Stored dataset items

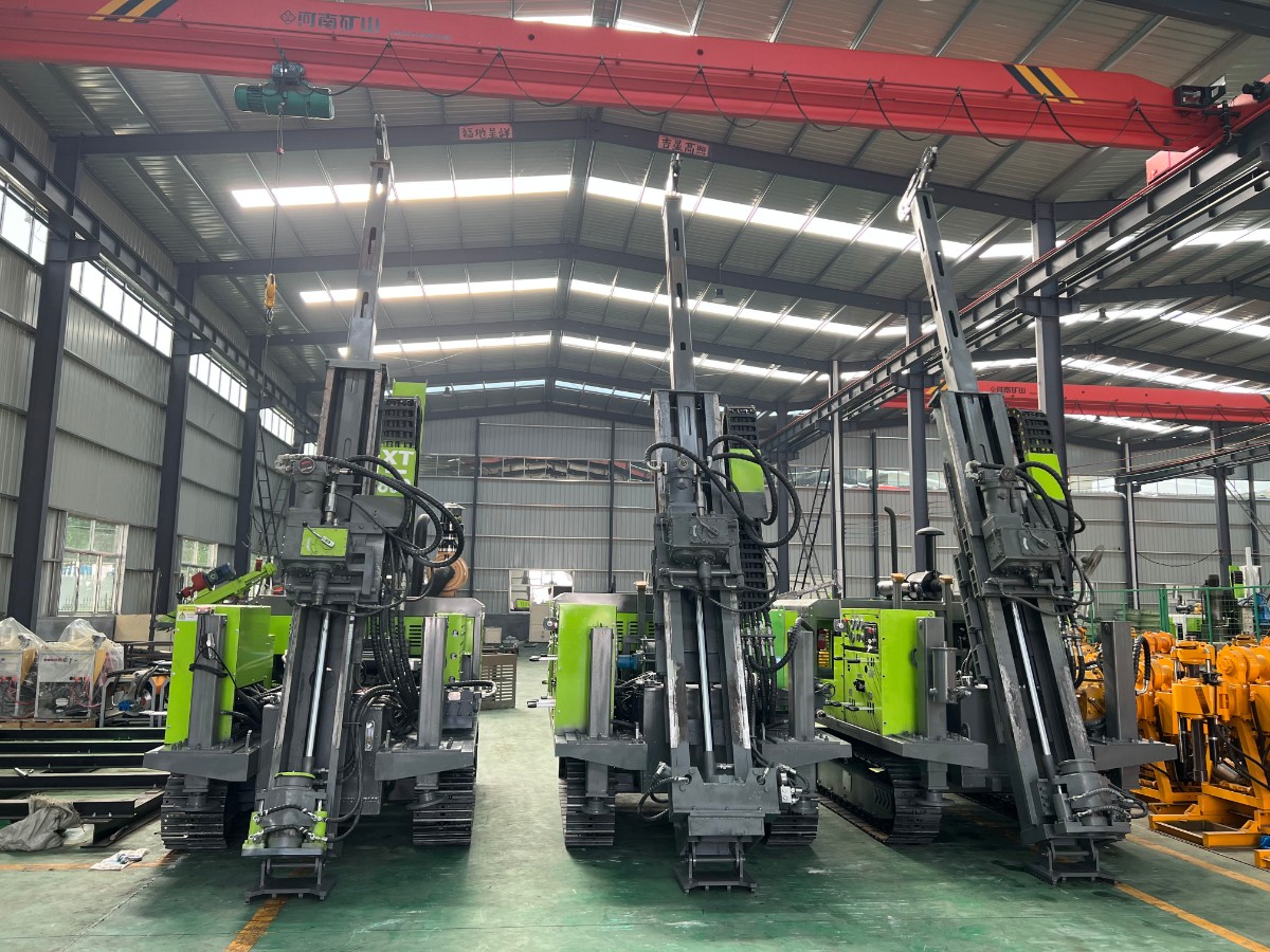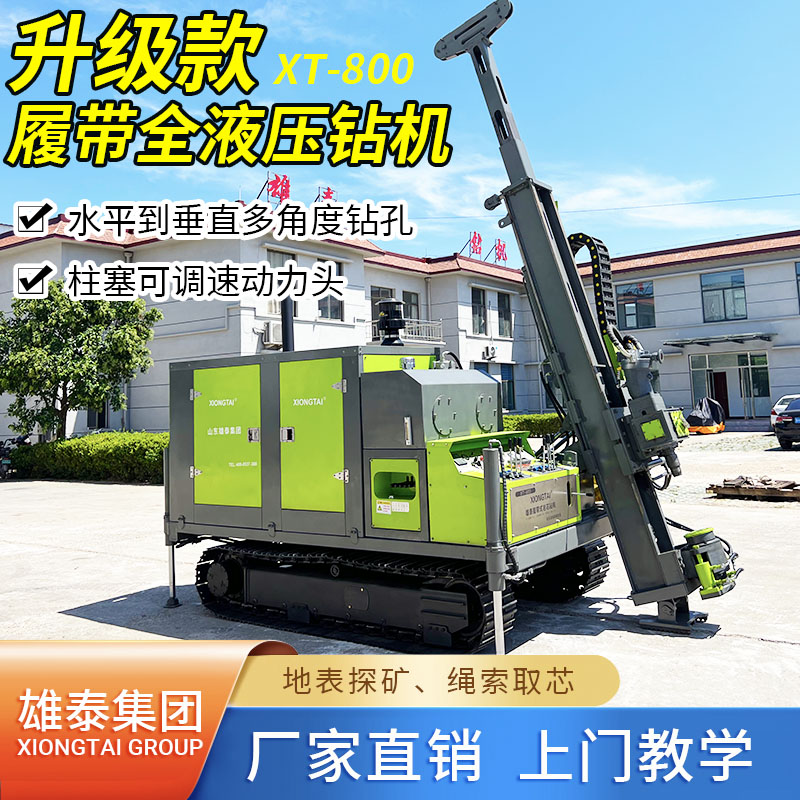 山東雄泰集團(tuán)自主研發(fā)生產(chǎn)的履帶式全液壓鉆機(jī)的無線遙控行走、液壓桅桿自動升起,動力頭自動左側(cè)移機(jī)提鉆為該款鉆機(jī)一大特色。其中桅桿自動升起,動力頭移機(jī)為我公司實(shí)用新型專利,極大緩解了現(xiàn)場施工的難度,有效減小了鉆機(jī)施工人數(shù),節(jié)約了成本,該履帶式全液壓鉆機(jī)分別采用76KW/115KW發(fā)動機(jī),動力強(qiáng)勁,扭矩大,適用于各類復(fù)雜地層的金屬礦開采。
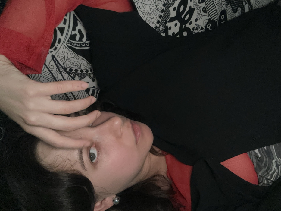 A woman with dark hair and light eyes gazes into the camera, her hand partially obscuring her forehead. She's lying on a patterned surface, possibly a bed or floor. She is wearing a black top layered over a red shirt. A silver earring is visible on her left ear. The lighting is dim, casting soft shadows on her face. The background is a mix of black and white patterns.
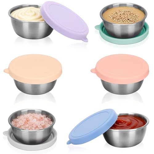 Romon Mini Pots a Sauce avec Couvercles, 6 Pièces 50ml Mini Récipient Vinaigrette en Acier Inoxydable 304, Couvercles en Silicone Colorés, Pot Confiture pour Pique-nique et Lunch, Idéal pour Salade
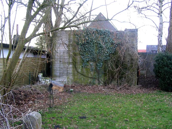 Zu erkennen ist, dass augenscheinlich der nordwestliche Teil des Bunkers bis unter / in den Garagenanbau hineinreicht. Der äußerst massive Kleinbunker ist also nicht quadratisch aufgebaut, sondern rechteckig. Obwohl die Garagen recht alt aussehen, dürften sie erst nach dem Krieg erbaut worden sein. Auf vorliegenden Luftbildern aus Kriegszeiten ist die damalige Situation leider nur schwer erkennbar. Da der Bunker als bombensicher gelten kann, müsste er theoretisch (wenn er offiziell als bombensicher eingestuft war) auch einen zweiten Zugang besitzen. Dieser dürfte sich dann entweder an der Seite, an der die Garagen liegen (Nordwestwand / Nordbereich Nordostwand) befinden, oder an der nicht einsehbaren Rückwand (Süd-West).
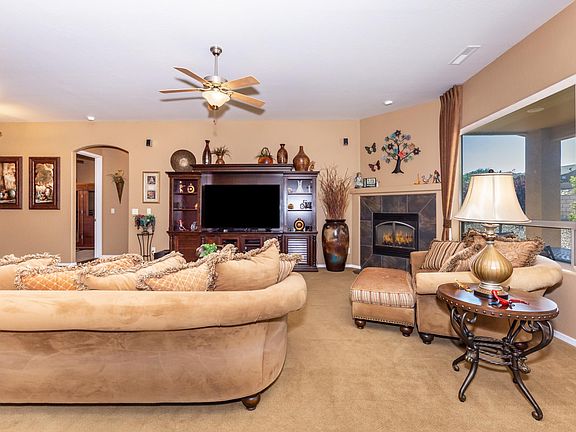 This former model home is the perfect blend of comfort, spaciousness, and luxury. Located in the highly desirable community of Granville, this home offers many upgrades including 3 car garage with epoxy flooring, lovely kitchen with granite counters & newer stainless steel appliances, cozy fireplace, waterfall feature in backyard, gorgeous draperies, whole house water system, newly painted (exterior), surround sound, security system, central vac system, beautifully manicured yard with drip system, office/den, 14 ft. ceilings, and expansive great room. Enjoy Granville's active lifestyle and amenities, pool, tennis, basketball, parks, close to hiking trails and bike paths, community clubhouse and so much more. You will fall in love with this immaculate home! Some furniture included in sale.
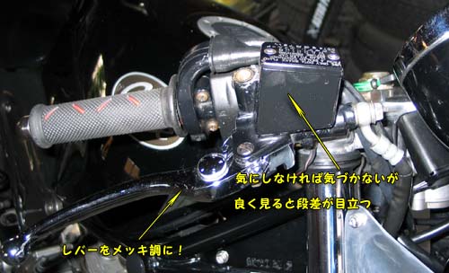 レバーは新たにメッキタイプ(レバーの厚みがメッキのためか純正よりも0.3mmくら厚いのでレバーのホルダー部分を少しヤスリで削った)に変更して高級感を重視した。
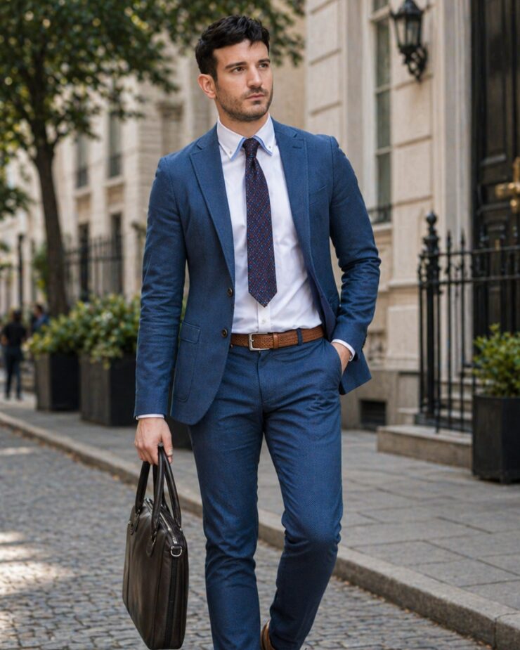 Neither the conventional navy blue suit nor the light blue spring suit is fresh and new. Try this crystal teal blue suit with two pieces! They are solid, chic, and structured for a perfect formal look. The ensemble features a single-breasted, slightly canvassed blazer with notch lapels and front pockets; a matching pair of trim-fit trousers; a contrasting white dress shirt; and a purplish solid necktie. Not much detailing, just a different color tone for a different style!
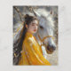 En lugn konstverk av en ung flicka som håller en liten häst under körsbärsblom, som representerar det kinesiska stjärntecknet Hästen. Perfekt för kulturella eller stjärntecken-tematiska samlingar.
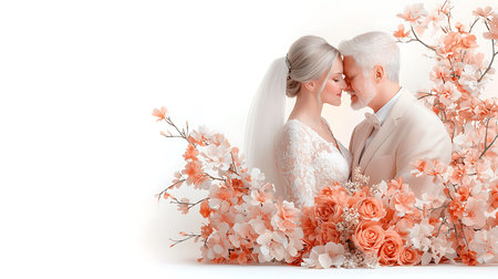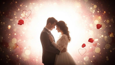 A man and woman in wedding attire embrace tenderly, their foreheads touching. They are silhouetted against a bright, glowing light source, creating a halo effect. The background is filled with soft bokeh lights, stylized floral and floating heart shapes and red rose petals, evoking a sense of romance and celebration. The overall mood is dreamy and magical, wedding or anniversary themes.
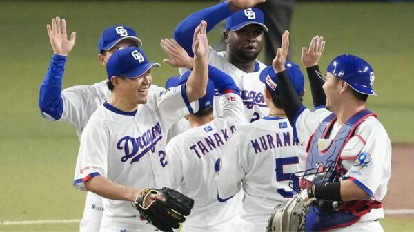 2軍本拠地の移転先を公募している中日。写真は今季初勝利を喜ぶ中日ナイン(写真:共同通信社)
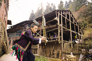 楊枝光描述的跳蘆笙場(chǎng)景讓我想想都醉了,強(qiáng)烈要求楊枝光穿上侗家盛裝表演跳蘆笙。沒(méi)想到楊枝光卻扭捏起來(lái),好不容易哄他穿上侗衣,想讓他到村口的風(fēng)雨橋上跳蘆笙,但是他卻只擺出跳蘆笙的姿勢(shì)。問(wèn)其原因,楊枝光回答:“只有正月初三村里辦蘆笙節(jié)時(shí),我們才會(huì)穿成這樣跳蘆笙。現(xiàn)在沒(méi)有游客時(shí)我吹笙唱歌,村民們會(huì)笑話(huà)的!”

Aim of the task —
Above are some records; quote exactly and only the lines that begin at the line containing "A man and woman" and stop after the line containing "2軍本拠地の移転先を公募して", leaving out the pictures.

Answer section —
 A man and woman in wedding attire embrace tenderly, their foreheads touching. They are silhouetted against a bright, glowing light source, creating a halo effect. The background is filled with soft bokeh lights, stylized floral and floating heart shapes and red rose petals, evoking a sense of romance and celebration. The overall mood is dreamy and magical, wedding or anniversary themes.
 2軍本拠地の移転先を公募している中日。写真は今季初勝利を喜ぶ中日ナイン(写真:共同通信社)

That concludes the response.